Nope. It's an un-encrypted SQLite database file and the screenshots themselves can be opened by any image viewer or editor like Paint or Irfanview.
Lain caught me off guard, lmao; LET'S ALL LOVE LAIN
Great video! What about system performance impact (recall running in background - memory/CPU/GPU)?
Just when you thought having an old browser history visible was bad enough.
"its like the keylogger you never knew you wanted" hahahah well done with the vid!
Is it possible for MS recall to scrape data off the GPU to to capture data that is not within your VM? I'm wondering if they might want to snoop on home servers that have a Windows VM running in the background. I doubt MS would display that data to the user, but I can see where government might like that.
Can Recall capture DRM protected contents?
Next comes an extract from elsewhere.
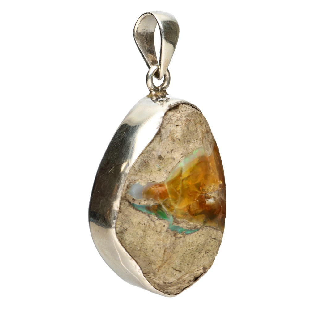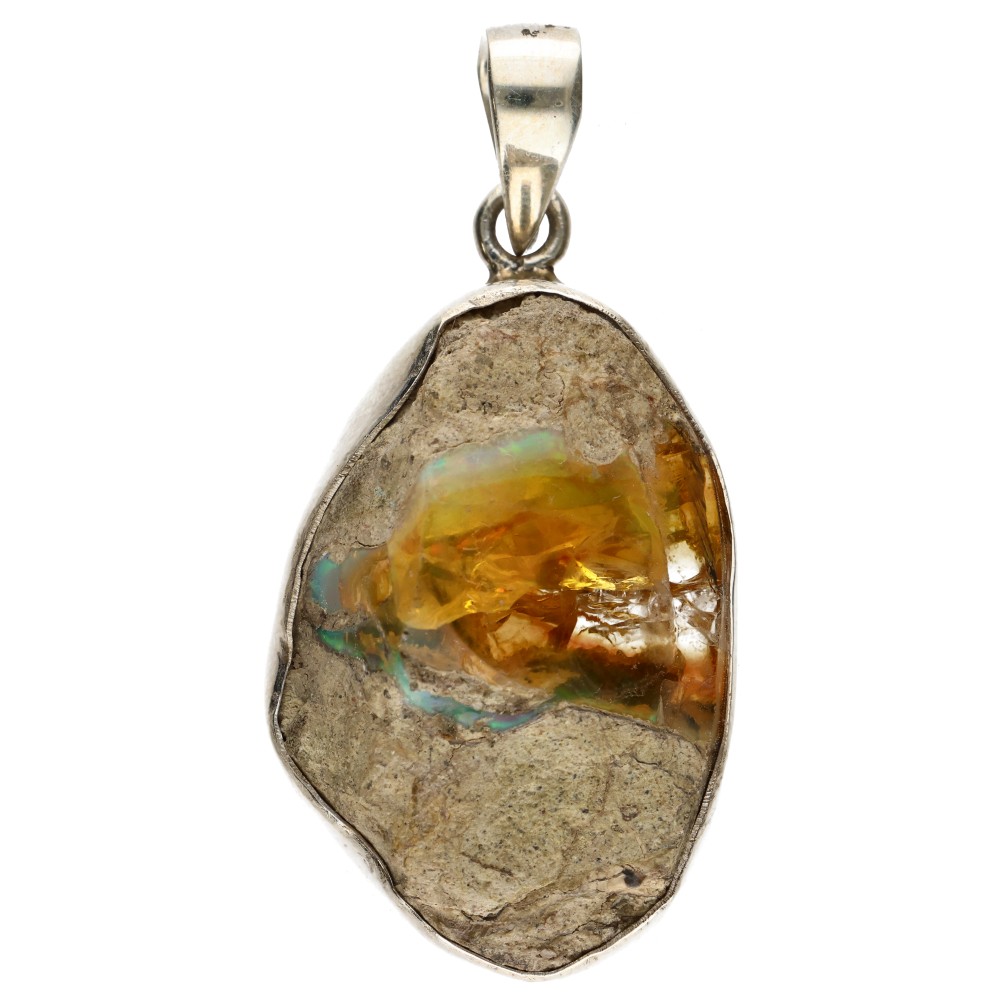 Pendente Opala em bruto em prata de lei 925 (9T)

Is the SQLite database at least encrypted or is it just vanilla, plain, unsecured? I mean, if it's unsecured you can pretty much access it from any small script / program that has a SQLite connector.
The importance of this needs to be highlighted in a YT short. Windows 11 Recall is an OS-driven keylogger and visual-snooper, that's not creepy. That's criminal.
Spyware as a Service Now lmao! By Microsoft :)
SaaS-y
Tech Bros are like the flat earthers of tech industry, too stupid to understand the risk, too smart to be told by anyone
Call me an idiot, but how long until hackers reverse engineer this thing for their own purposes?
Also I had an idea, what if you could just press a keyboard shortcut to manually take a screenshot of something to "bookmark" it instead of it recording every single thing you do?
if a bookmark key is all you want, Windows + PrintScreen. All screens as one image file directory to your pictures/screenshots folder.
x64dbg and Ghidra
A week after they announced it, there is already a python script that can copy the entire Recall database file and send it over the internet to a specific hacker's pc. Recall isn't offically out yet, there are no computer that can run it yet (as you need an NPU in your pc) and it's already hacked.
it hasnt been released and they hacked it
@@geminightur hacked? It's PLAIN JPEG IMAGES
What about it's network activity?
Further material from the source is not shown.